**Exercise description**
Exactly reproduce the lines from the one holding "שרשרת מקרמה עם" through the end of the records, including both boundary lines but no pictures.

Stored data:
►

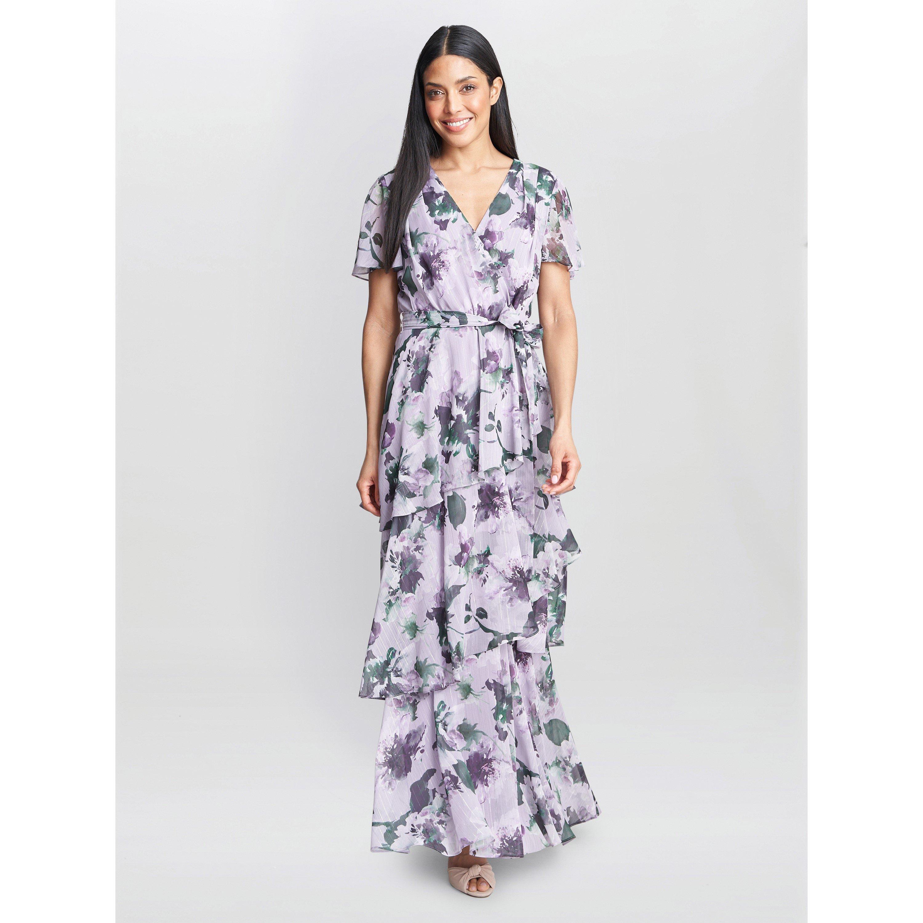 A beautiful tiered maxi dress, with short sleeves and a mock wrap bodice. This dress is fashioned in a delicate mauve floral on a lurex chiffon. It has a center back zip.
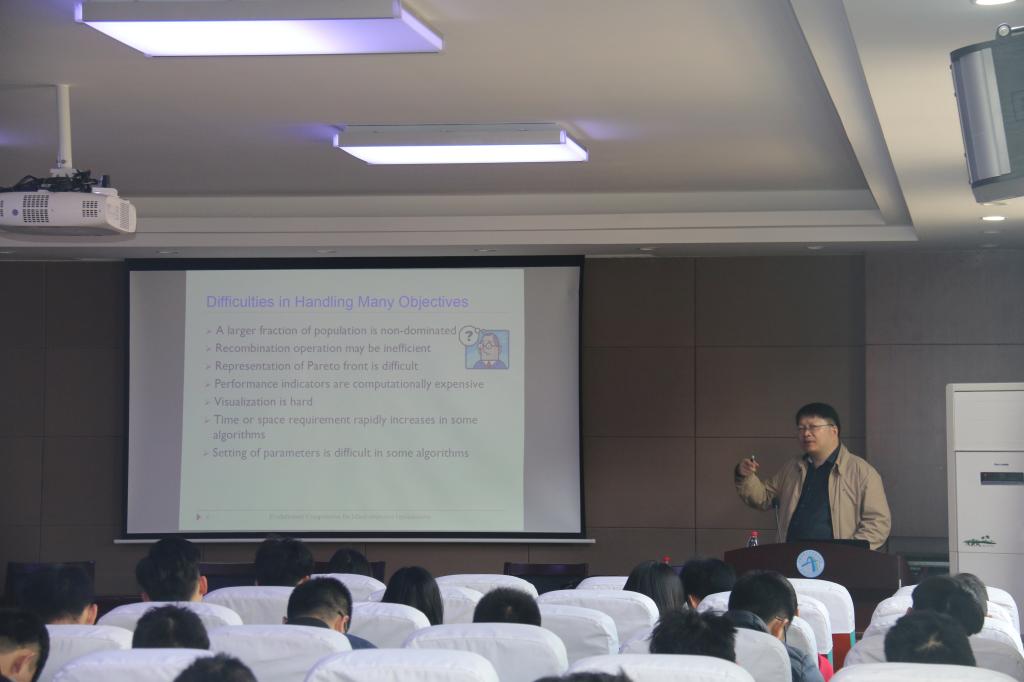 2018年4月8日至9日,英国德蒙福特大学杨圣祥教授来贝博官网为研究生授课。《智能优化与最优化方法》是由杨圣祥教授与贝博官网李长河副教授共同讲授的研究生课程。课程内杨圣祥教授分三场为研究生授课。
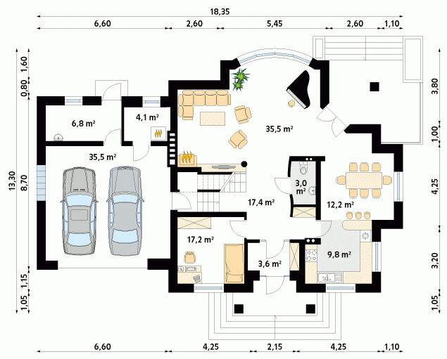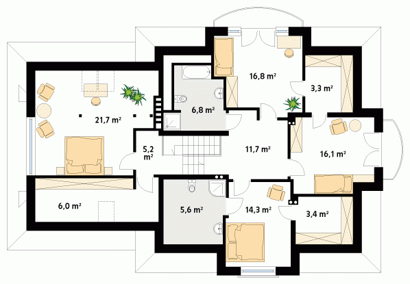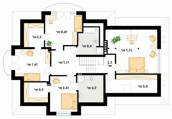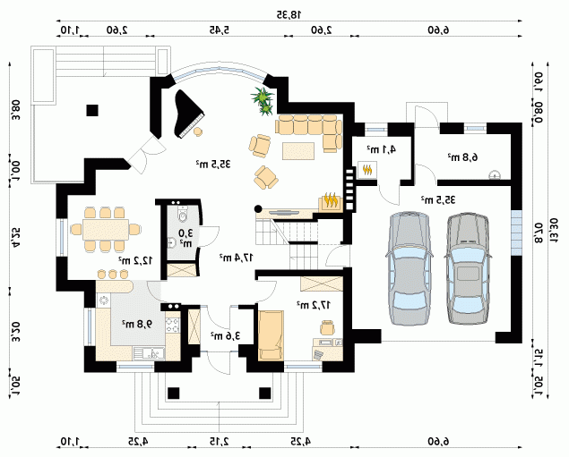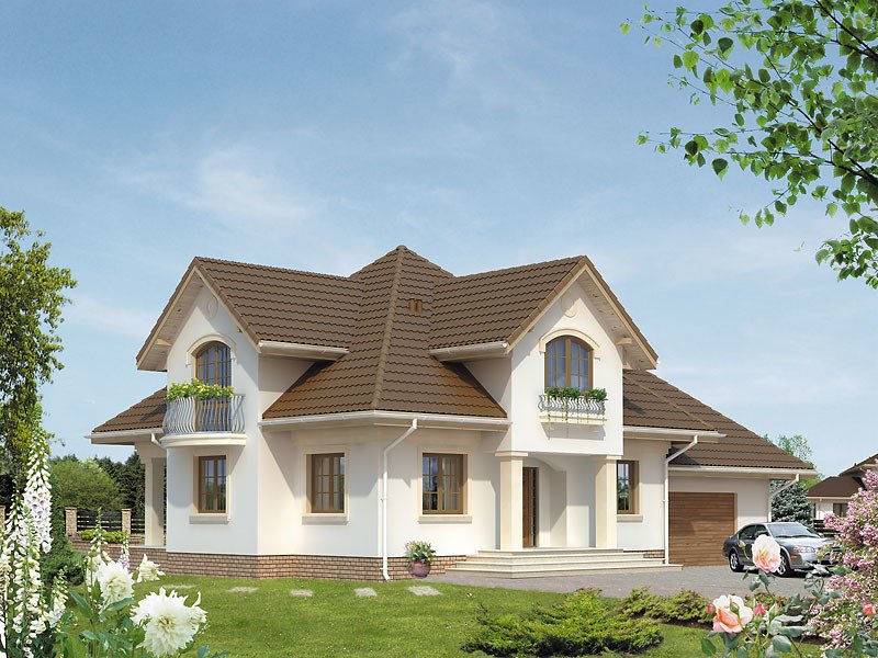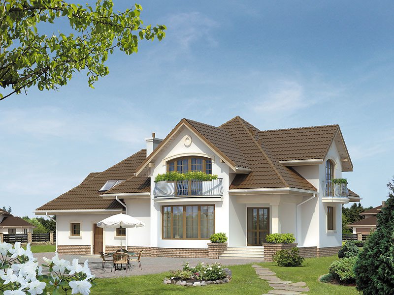 Reprezentacyjny dom o przestronnym wnętrzu. Zaprojektowany dla 4-osobowej rodziny. Przestronny układ funkcjonalny parteru zapewni komfortowe użytkowanie. Na poddaszu zaprojektowano sypialnię rodziców z oddzielną garderobą oraz łazienką.
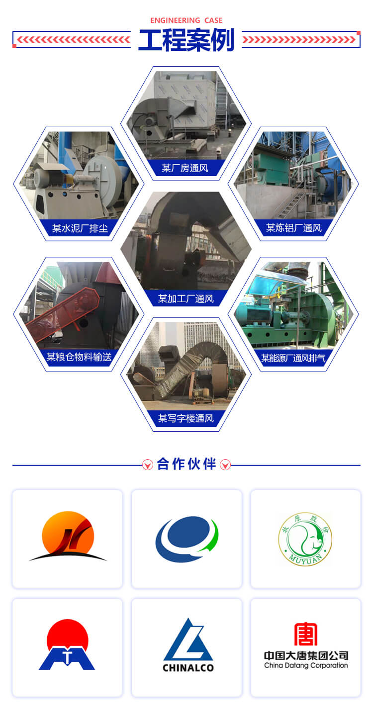 該風(fēng)機適合用配有省煤器(預(yù)熱器)和消煙除塵裝置 的0.5-35t/h工業(yè)鍋爐選用。凡進氣條件相近,性能又相適應(yīng)者均可選用,但最高進氣溫度不超過250℃。
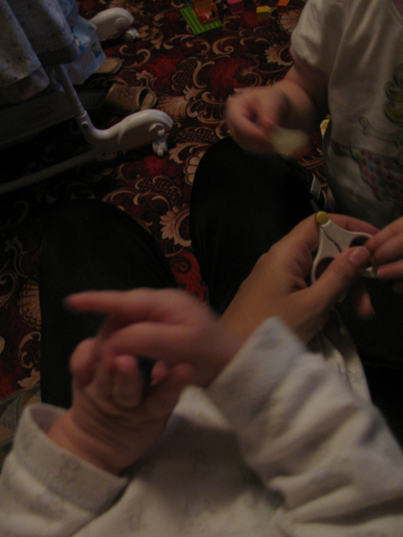 После кормления обрезаю ногти младшей (которые растут со скоростью света!)
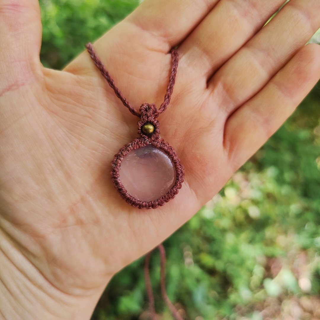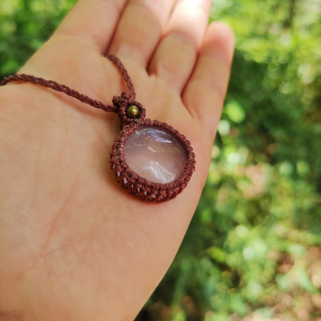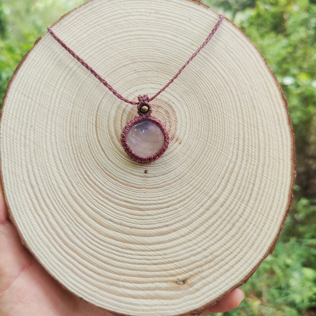 שרשרת מקרמה עם אבן קוורץ חלבי בשילוב חוטים צבע חום ורוד וחרוזים נחושת .האבן מסוגל להביא מזל טוב, להעניק לבעלים חוכמה ושלווה. וגם לעזור להחזיר את השקט למשפחה.
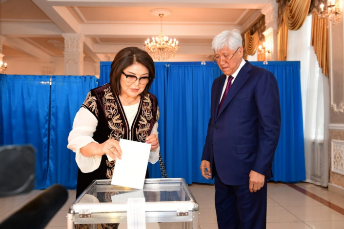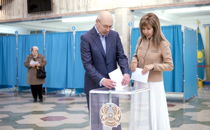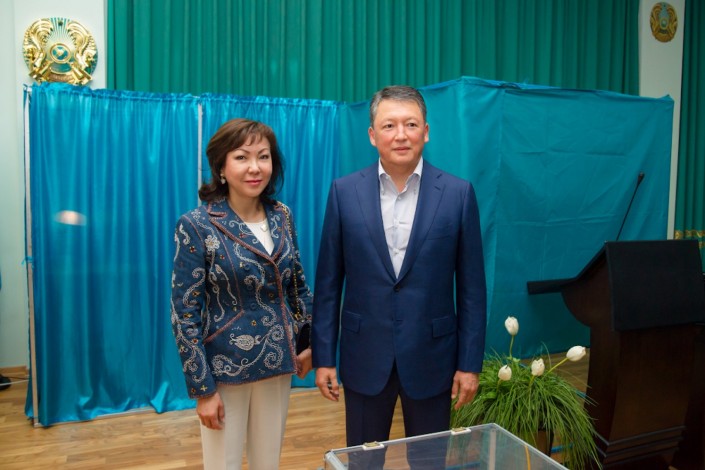 Тимур и Динара Кулибаевы проголосовали на участке № 310 в Алматы.
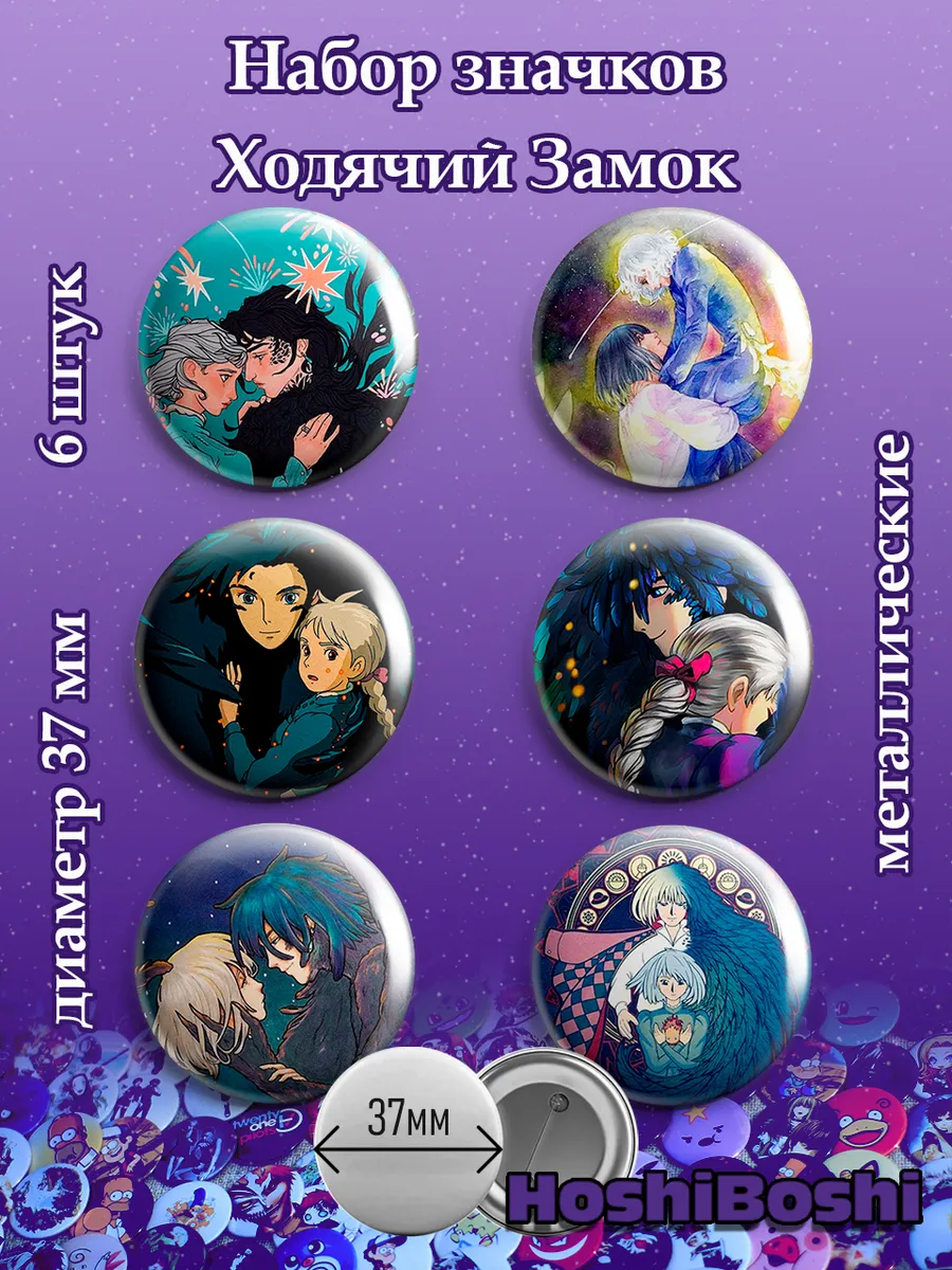 Набор из 6 металлических значков с изображениями вселенная Хаяо Миядзаки ( Hayao Miyazaki ).

◄

**Task output**
 שרשרת מקרמה עם אבן קוורץ חלבי בשילוב חוטים צבע חום ורוד וחרוזים נחושת .האבן מסוגל להביא מזל טוב, להעניק לבעלים חוכמה ושלווה. וגם לעזור להחזיר את השקט למשפחה.
 Тимур и Динара Кулибаевы проголосовали на участке № 310 в Алматы.
 Набор из 6 металлических значков с изображениями вселенная Хаяо Миядзаки ( Hayao Miyazaki ).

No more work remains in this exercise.